8.1 Introduction to MPI

Table of Contents

Context and Scope

In distributed memory programming, each process has its own private address space. Exchanging data requires explicit communication. MPI, the Message Passing Interface, is the dominant standard for this style of programming in HPC. This chapter introduces what MPI is, what problems it solves, how an MPI program looks at a high level, and how to compile and run simple MPI applications on typical HPC systems. Later chapters will cover MPI processes, point to point and collective communication, and performance pitfalls in more detail.

What MPI Is and What It Is Not

MPI is a standardized library interface for message passing. The standard defines functions, data types, and behaviors that allow separate processes to communicate by sending and receiving data. Multiple vendors and projects provide implementations of this standard, such as MPICH, Open MPI, and Intel MPI. They all expose the same basic programming interface, with some extensions and performance differences.

MPI is not a programming language. You do not write programs "in MPI". Instead, you write programs in C, C++, Fortran, or other supported languages and call MPI functions from that language. In a typical MPI program, most of the code is ordinary serial code. Only specific parts, where data needs to be exchanged or work needs to be coordinated among processes, call MPI routines.
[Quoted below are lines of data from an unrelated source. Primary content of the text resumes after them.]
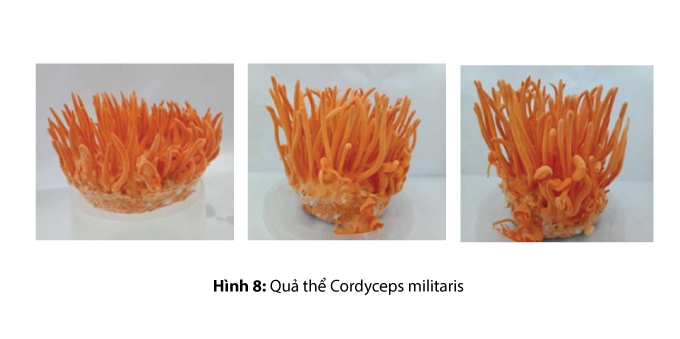4. Giai đoạn thu quả thể: sau khi quả thể được hình thành,tiến hành nuôi ở 22-23 độ C, độ ẩm < 90 %, thời gian sáng tối 12/10h ngày duy trì như thế trong vòng 50 -60 ngày là thu quả thể. Trong thời đó chiều dài quả thể đạt từ 5-7cm, có dạng đỉnh nhọn thẳng và có màu vàng cam.
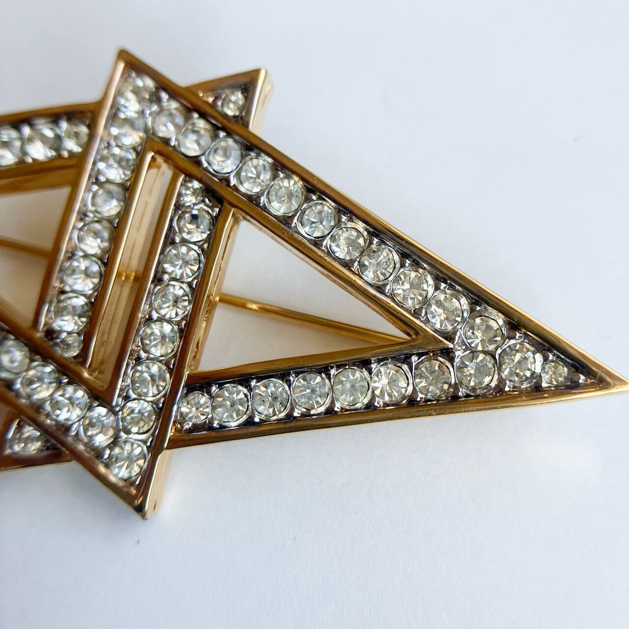 ゴールドメタルの土台にクリアラインストーンがセットされた、シャープなトライアングルデザインが、とても素敵な “NINA RICCI” ニナリッチのヴィンテージブローチです。
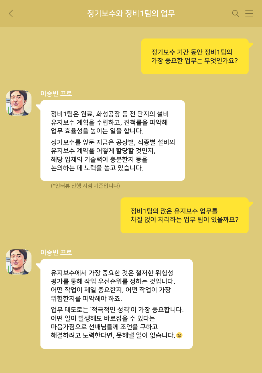 오늘은 안전한 작업장을 만들기 위해 노력하는 정비1팀의 이승빈 프로를 만나 ‘설비의 유지보수’에 충실히 대응하는 업무에 대해 알아보겠습니다.
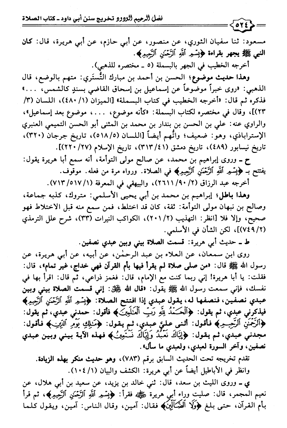 ح- وروى إبراهيم بن محمد، عن صالح مولى التوأمة، أنه سمع أبا هريرة يقول: يفتتح بـ {بِسْمِ اللَّهِ الرَّحْمَنِ الرَّحِيمِ} في الصلاة. ورواه مرة من فعله. موقوف.

MPI is not a shared memory model. When you use MPI, each process has its own memory. A pointer in one process has no meaning in another. Any data that must be visible across processes must be sent explicitly through MPI calls. This property makes reasoning about correctness simpler in many cases, but it shifts the responsibility for data movement to the programmer.

MPI is also not tied to a single machine architecture. The same MPI code can run on a laptop, on a cluster, or on a supercomputer. An MPI implementation hides the details of the interconnect, for example whether it uses Ethernet or InfiniBand, and provides a unified communication interface.

Typical Use Cases for MPI

MPI shines when you need to scale across many nodes in a cluster. Each node runs multiple MPI processes that cooperate to solve one large problem. This model fits many scientific and engineering computations that involve large arrays or grids, such as climate models, fluid dynamics, molecular dynamics, and large linear algebra problems.
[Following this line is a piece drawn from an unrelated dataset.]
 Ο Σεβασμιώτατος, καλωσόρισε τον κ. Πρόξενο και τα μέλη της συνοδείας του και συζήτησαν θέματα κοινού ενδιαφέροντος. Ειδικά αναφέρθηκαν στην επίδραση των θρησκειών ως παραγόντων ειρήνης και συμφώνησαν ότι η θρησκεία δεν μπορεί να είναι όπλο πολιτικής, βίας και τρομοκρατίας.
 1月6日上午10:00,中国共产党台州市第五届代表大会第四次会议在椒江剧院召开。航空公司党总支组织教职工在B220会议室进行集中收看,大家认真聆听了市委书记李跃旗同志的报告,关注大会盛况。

An MPI program is usually organized as a single executable launched many times, one instance per process. All instances start together and form a group that knows how many processes participate and which rank each process has. The ranks and group concept are central in MPI and will be discussed further in the next chapter on MPI processes.

MPI is appropriate when:

You need to use more memory than one node provides. Each process can hold a subset of the global data in its local memory, and MPI transfers only the necessary pieces.

You want to exploit many cores across many nodes. MPI allows you to distribute computation across many processes that may be located on different nodes.

You need explicit control over data distribution and communication. MPI gives you fine grained control over how data is partitioned, when communication happens, and what pattern of communication is used.

On the other hand, MPI can be more complex than shared memory approaches when used inside a single node, especially for beginners. In practice, many real applications use MPI across nodes and shared memory programming such as OpenMP within a node.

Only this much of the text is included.